I mostly remember the oddity of being – with Hugh – virtually the only white face in the club, which was a hangout for all the Africans living in Paris. I remember enjoying the dancing, and the adventure associated with being out with “older” guys (they were in their mid-twenties) and experiencing an evening so distinctly different from the norm of my life.

My first “true love” happened in French. I dated Patrick throughout my senior year, left him behind when I graduated and returned to the US to attend college, but never really left him behind. He visited me in Boston seven years later – and fifteen years after that came with his family to the US, and a visit at my home near Santa Fe. We still exchange greetings although we haven’t written letters or talked in a long time, partially because I “lost” my French, partially because I’ve found it challenging to translate some of my US, and particularly my rural Southwest, experiences into a language I know primarily as a fast-paced, urban expression.

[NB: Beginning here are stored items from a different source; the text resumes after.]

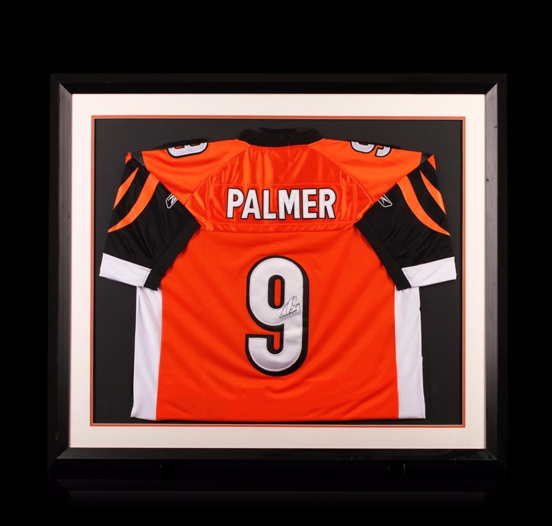 Carson Palmer Framed Autographed Jersey. Comes with Certificate of Authenticity.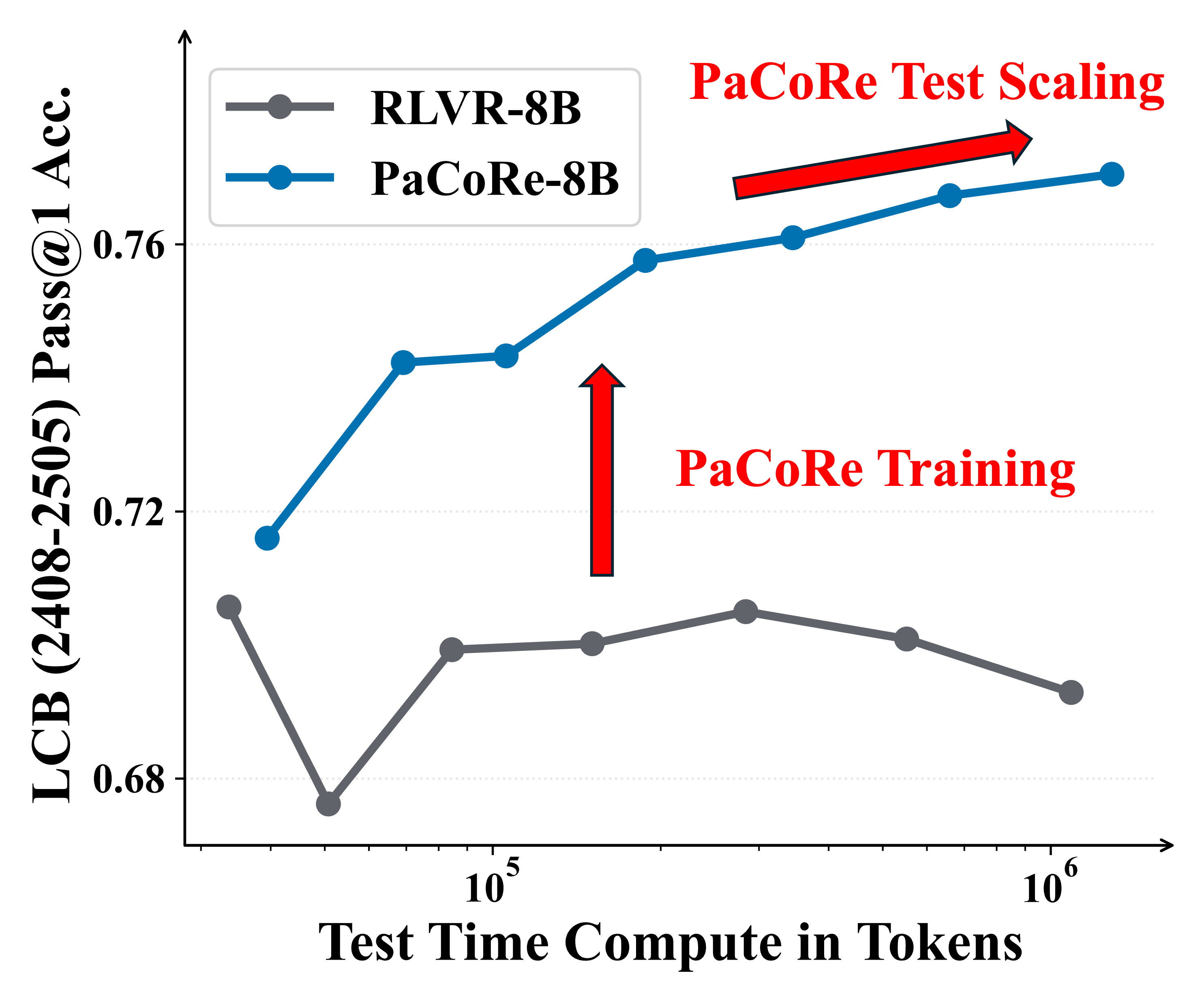 | PaCoRe-8B (medium) | 92.9 (869k) | 76.7 (659k) | 14.6 (694k) | 45.7 (45k) |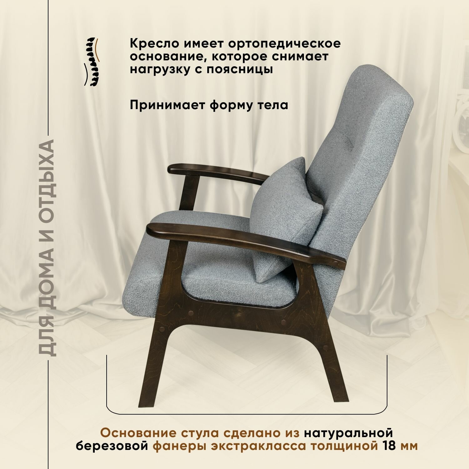 Кресло Норди с подушкой на деревянных ножках с подлокотниками, Букле, LADY MAY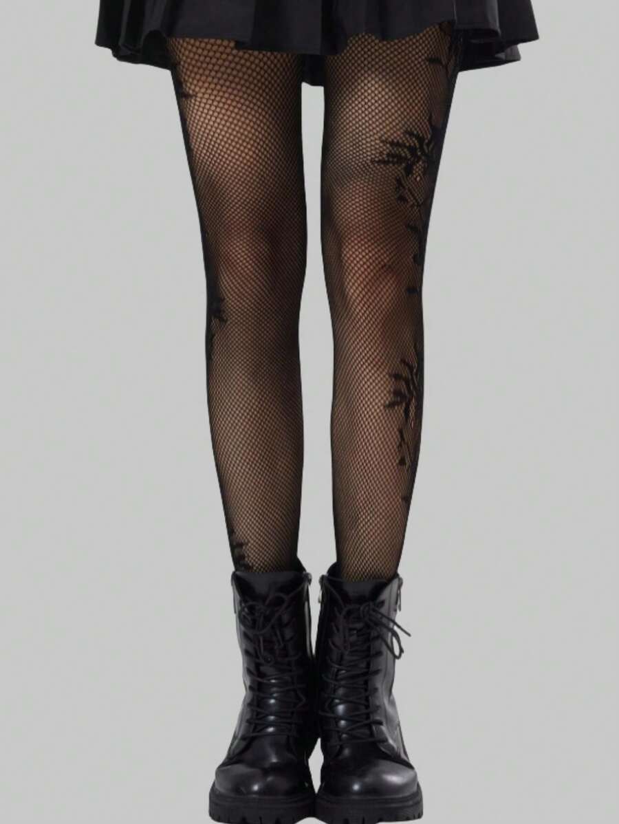 1pair Women's Black Gothic Jacquard Fishnet Stockings For All Seasons, Halloween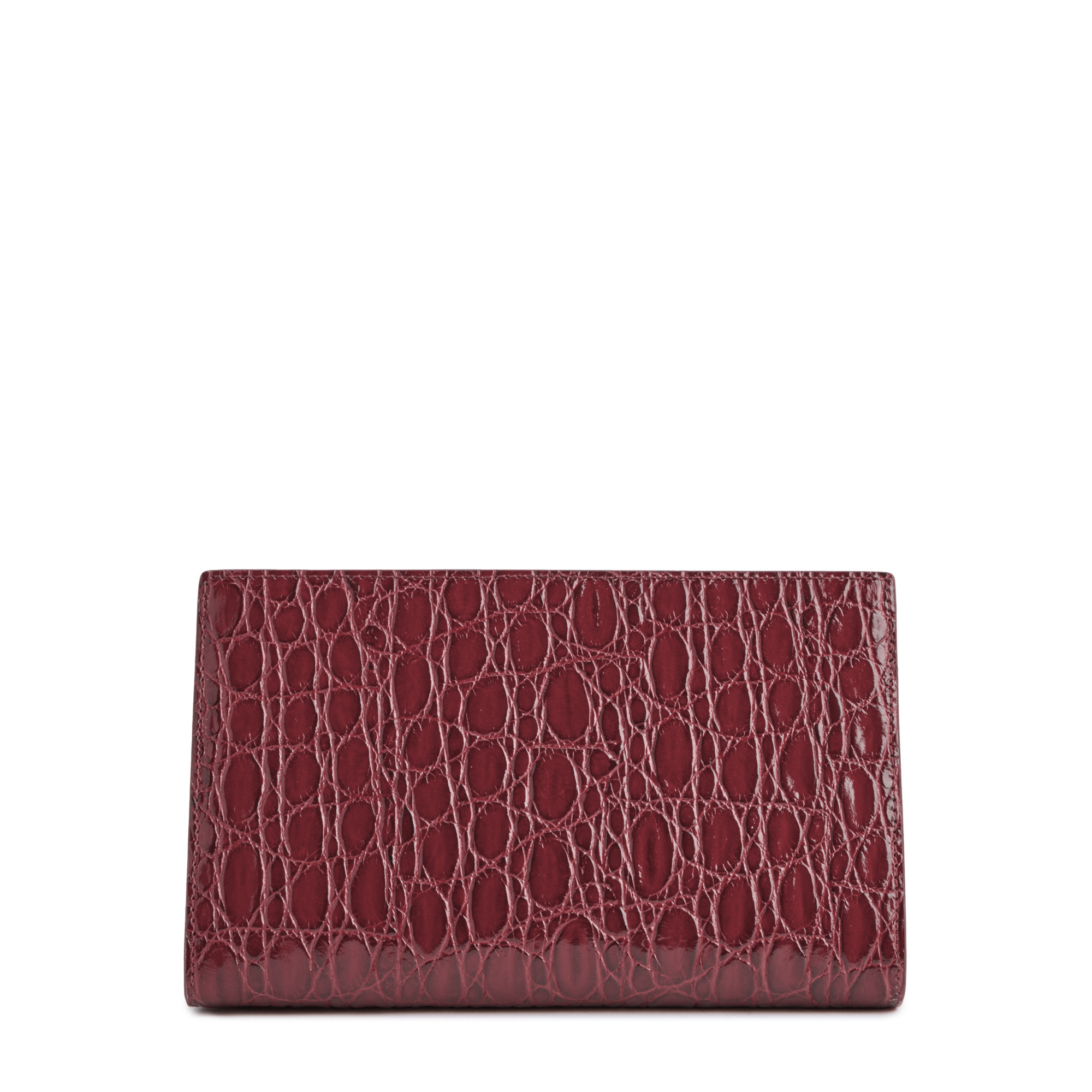 Clutch bag in crocodile-print leather with central fastening, chain shoulder strap and inner pocket.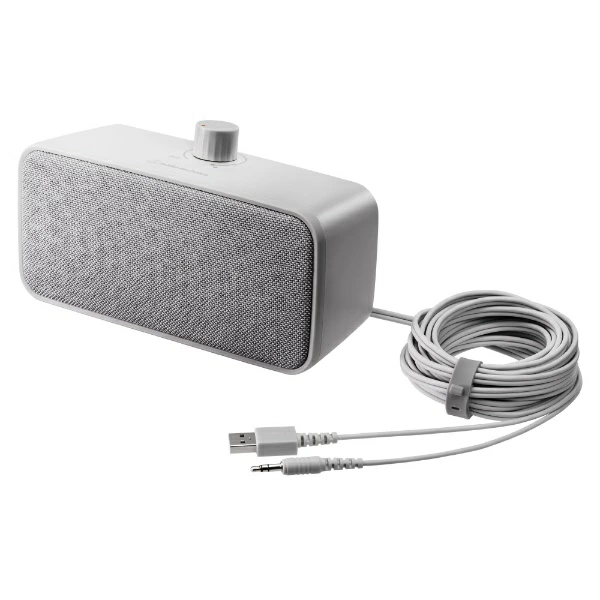 お持ちのテレビにコードをつなぐだけ。いつでも手軽に使えるお手元スピーカー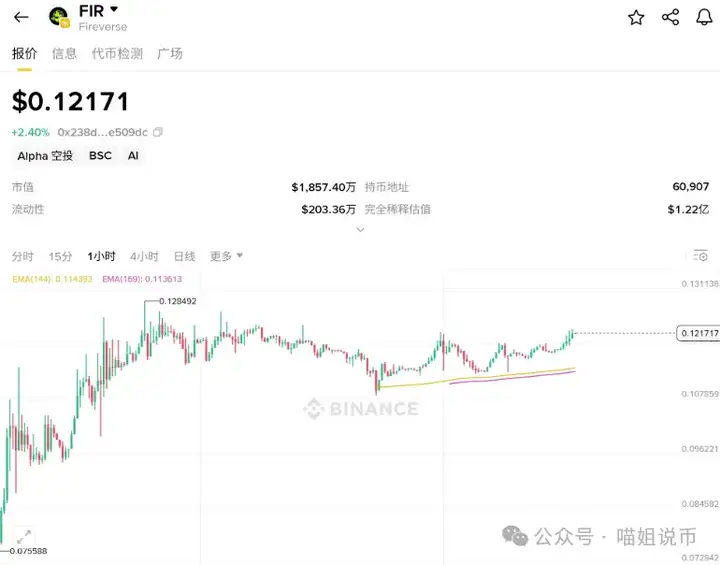 #FIR:刚上线BN ALPHA,由星爷电影IP背书,安琪等明星参与的音乐项目。近期在0.12附近横盘,主要在消化空投和早期筹码抛压,盘口买盘厚度不错。流通市值才1700万,技术面多头力量在积蓄,短期有望向上试探。

In college, for about a year, I dated an African Olympic soccer star, coincidentally also from Dahomey. We spoke French when alone, but English in company. He led the college team to the championships, and would usually make one goal that was spectacularly “pour toi” – a solo, elaborate-footwork trip down the field showing off his skills. The rest of the game he was the consummate team player. He was also sadly troubled and displaced, enough to not return from a summer visit home between our sophomore and junior years. In this instance also, French was associated with experiences out of the norm of my life – even though I was minoring in the subject. Studying French literature and practicing translation of texts felt like part of my general academic life. Dancing the High Life, cheering at a soccer match off campus, trying to help my friend overcome the culture shock that was dampening his spirit – those were new and different challenges.

So am I finding that I’m more adventurous in French? Perhaps…

I certainly seem to be more frank. Because I do not have the fluency to mask my thoughts and feelings? Perhaps…

I notice, in the recounting, that the significant experiences being brought to mind by my use of French are all about interactions with the opposite sex! Hmmmm…..

To be continued.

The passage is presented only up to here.